The Poisson summation formula states if $f: \mathbb{R} \to \mathbb{R}$
then $\displaystyle \sum_{n \in \mathbb{Z}} f(n) = \sum_{n \in \mathbb{Z}} \hat{f}(n) $ where $$\hat{f}(\xi) = \int_{\mathbb{R}}dx \; e^{-2\pi i x \xi}\;f(x) $$
The fine print is that $f$ needs to be Schwartz class or be a tempered distribution such as the Dirac-delta function
$$ \sum_{n \in \mathbb{Z}} \delta_n(x) = \sum_{n \in \mathbb{Z}} e^{2\pi i n x} $$
It then says the Dirac comb is its own Fourier transform.
Are there counterexamples where the left and right sides converge yet these traces do not agree?
Edit As discussed in the comments, it appears in Katznelson's textbook although I don't understand his example very well – convolving a function with the Fejer kernel many times at different scales.

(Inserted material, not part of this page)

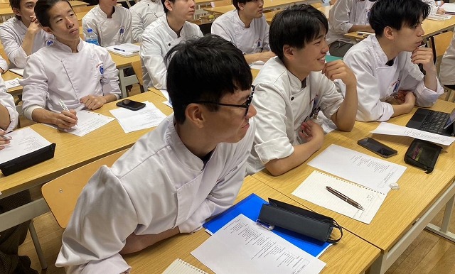 それぞれの調理法は珍しいものではありませんが、それぞれの材料に対して生かすための考え方や調理法など、シェフのエスプリをたっぷりと聞き、学生も興味を持って講習を受けています。

Edit Can anyone fill in details of Lucia's response?
Best Answer
Exercise 15 of Chapter VI (Section 1) of Katznelson's book "An introduction to Harmonic analysis" gives an example of a continuous $L^1$ function $f$ where both sides of the Poisson summation formula are absolutely convergent, but the formula does not hold.
To add a little to this, the usual proof of Poisson summation begins by periodizing $f$ setting $F(x) = \sum_{n\in {\Bbb Z}} f(x+n)$ and then computing the Fourier series of $F(x)$. The idea in Katznelson's example is that even if $f$ is somewhat nice (e.g. continuous and $L^1$) it need not be the case that $F$ is nice (e.g. it could be discontinuous). In particular Katznelson's example constructs a nice $f$ for which $F$ turns out to be $1$ on all of ${\Bbb R}/{\Bbb Z}$ except for being discontinuous at $0$ where it takes the value $0$. So there is a problem with the Fourier series for $F$ at $0$, and hence with the Poisson summation formula.